A realidade das margens de erro convenceram a Erin Wallace, uma enfermeira e mãe de quatro filhos, a renunciar à triagem pré-natal nas vezes em que engravidou. Ela tinha a mente aberta a este conceito, até que, no curso de enfermagem, testemunhou o tumulto emocional de um casal, quando a esposa deu à luz a um bebê com síndrome de Down, apesar de uma amniocentese negativa. Ela relatou: “Ver essa família se dar ao trabalho de fazer uma amniocentese, que traz riscos e ainda assim passar pelo estresse de um resultado falso, me impressionou demais”. “O aborto não era uma opção, e portanto, eu sabia que os resultados não teriam feito diferença na minha gravidez, exceto talvez para me deixar ansiosa. E Deus diz que não devemos ficar ansiosos por nada.”

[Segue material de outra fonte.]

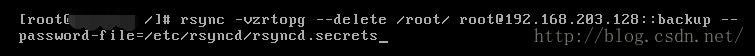 rsync –avzP –delete 配置文件中的authusers @ip地址::模块名–password-file=/etc/rsyncd.secrets

A lição de tais episódios é que os testes de triagem pré-natal são opcionais e não obrigatórios, e devem ser feitos somente após uma avaliação cuidadosa de suas implicações. O ACOG enfatiza que “a escolha sobre realizar testes de rastreamento ou diagnóstico de aneuploidia depende dos objetivos e valores da mulher e seu desejo de ter informações precisas” e que “após o aconselhamento, os pacientes podem recusar a triagem ou testes de diagnóstico por qualquer motivo” ( ênfase minha). Estes testes não são vitais para cuidar do bebê, já que um ultrassom feito às 20 semanas de gravidez geralmente revela defeitos anatômicos perigosos. Portanto, os testes de triagem pré-natal são apenas uma opção, uma oportunidade para se preparar para desafios que possam estar por vir. Mesmo assim, no entanto, o rastreamento só ajuda quando é visto de forma realista, sobriamente reconhecendo seu potencial de erro.

Pergunta a Ser Feita

Para Marcie Smith, a escolha era clara. “Mesmo que ele tivesse essas anomalias cromossômicas que me apresentaram, isso não teria importância”, lembra ela, recordando-se da angústia que sofreu em relação ao filho, que acabou nascendo saudável. “Nem todo mundo é igual. Deus tenciona que amemos as pessoas com deficiências. Isto nos ensina a ter mais bondade, paciência e alegria.”

Portanto, talvez, a pergunta mais importante a ser feita, ao ponderarmos os benefícios de triagem pré-natal, seja se o resultado nos ajudará a melhor cuidar dos pequenos que Deus confia a nosso cuidado, o que é um chamado tão singular e individualizado quanto a união causada por Deus entre uma mãe e um filho.